Aan de Voorzitter van de Tweede Kamer der Staten-Generaal
Den Haag, 19 december 2019
Met deze brief informeer ik uw Kamer over een aantal ontwikkelingen met betrekking
tot de Wet BIG, namelijk mijn plannen ten aanzien van de toekomstvisie op de Wet BIG
en wat hiervan de gevolgen zijn voor een aantal lopende trajecten op het gebied van
de Wet BIG.
In mijn brief aan uw Kamer van 10 oktober jl. (Kamerstuk
29 282, nr. 382) heb ik aangekondigd om de komende maanden samen met het veld te verkennen op welke
manieren we voldoende geëquipeerd kunnen zijn voor de geïnventariseerde maatschappelijke
ontwikkelingen die voortkomen uit een veranderende zorgvraag en andere manieren van
werken. Het doel is om in nauw overleg met het zorgveld te komen tot een lange termijn
visie ten behoeve van een toekomstbestendige Wet BIG en uw Kamer na de zomer 2020
hierover te informeren.
De centrale vraag is of er een andere invalshoek zou moeten komen om de beroepsuitoefening
voor de patiënt goed en veilig te houden. Wat is noodzakelijk om te reguleren met
het oog op de doelstellingen patiëntveiligheid en kwaliteit van zorg? En wat betekent
het voor de beroepenregulering binnen de individuele gezondheidszorg dat de nadruk
steeds meer komt te liggen op het werken in teams of netwerken, op afstand en/of met
robots, in plaats van op individueel handelen? Hierbij zal het advies «De B van bekwaam»

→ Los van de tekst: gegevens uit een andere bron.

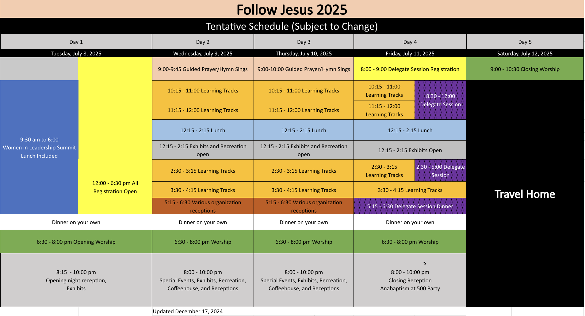 Follw Jesus 25 kicks off with worship beginning at 6:30 p.m. on July 8. A typical day includes worship and seminars. Throughout convention, attendees have the option to visit the exhibit hall or recreation hall; or fellowship with other attendees. The final worship will be on the morning of July 12.
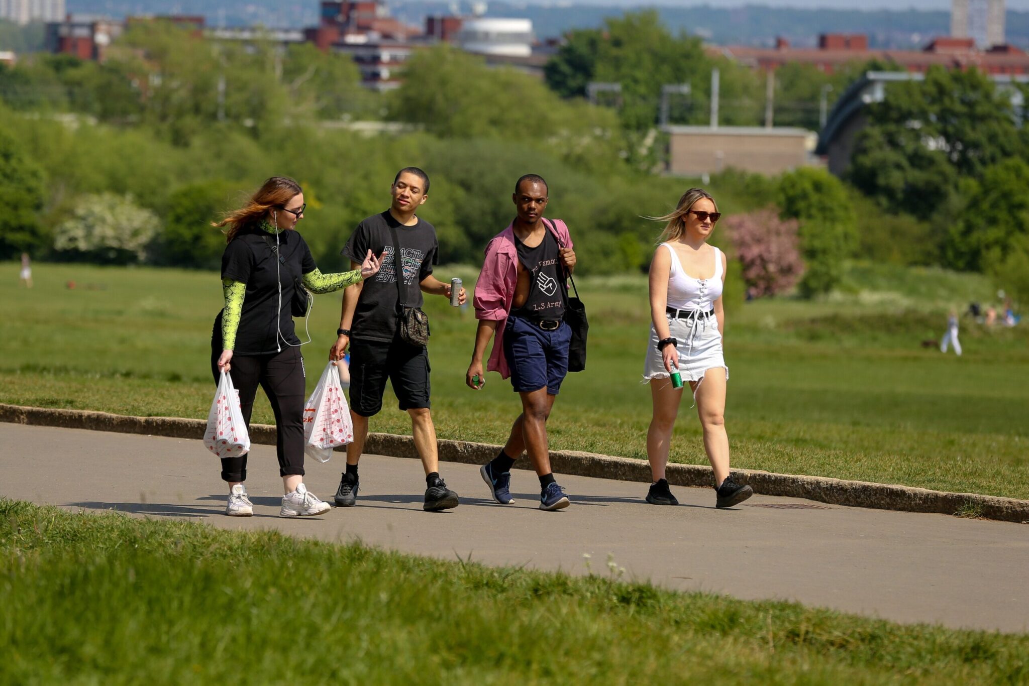 LONDON, UNITED KINGDOM – 2020/05/08: People walking at Alexandra Palace in North London on a warm and sunny bank holiday during coronavirus lockdown.Prime Minister Boris Johnson is set to announce measures to ease coronavirus lockdown, which was introduced to slow the spread of the COVID-19. (Photo by Dinendra Haria/SOPA Images/LightRocket via Getty Images) SOPA Images via Getty Images

van de Raad voor Volksgezondheid en Samenleving worden betrokken.
Om te komen tot een toekomstvisie BIG zal ik een stuurgroep inrichten, die bestaat
uit een evenredige verdeling van belangen en expertise binnen de rolverdeling van
de belangrijkste spelers op het gebied van beroepsuitoefening in de zorgsector, te
weten vertegenwoordigers van patiënten, beroepsorganisaties en werkgevers. Het doel
van de stuurgroep is om op basis van input uit diverse themasessies met het veld en
de klankbordgroep te sturen op de contouren van de toekomstvisie.
Het werken aan een visie op een toekomstbestendige wet BIG heeft ook invloed op de
lopende trajecten rondom de huidige wet BIG. Concreet wil ik ingaan op de overige
onderdelen – niet zijnde de regieverpleegkundige – van het oorspronkelijke wetsvoorstel
BIG II en de reeds ingediende verzoeken inzake beroepenregulering.
In mijn brief (Kamerstuk
29 282, nr. 381) van 8 oktober jl. heb ik uw Kamer reeds geïnformeerd dat ik het wetsvoorstel voor
de regieverpleegkundige definitief niet zal indienen. Binnenkort zal daartoe het nader
rapport worden afgerond. In het oorspronkelijke wetsvoorstel BIG II, waar de regieverpleegkundige
onderdeel van was, zaten ook de onderdelen zoals het beleggen van de adviestaak inzake
de beroepenregulering bij het Zorginstituut en het invoeren van deskundigheidsbevordering
als eis voor de herregistratie. Tijdens een bestuurlijk overleg op 2 december jl.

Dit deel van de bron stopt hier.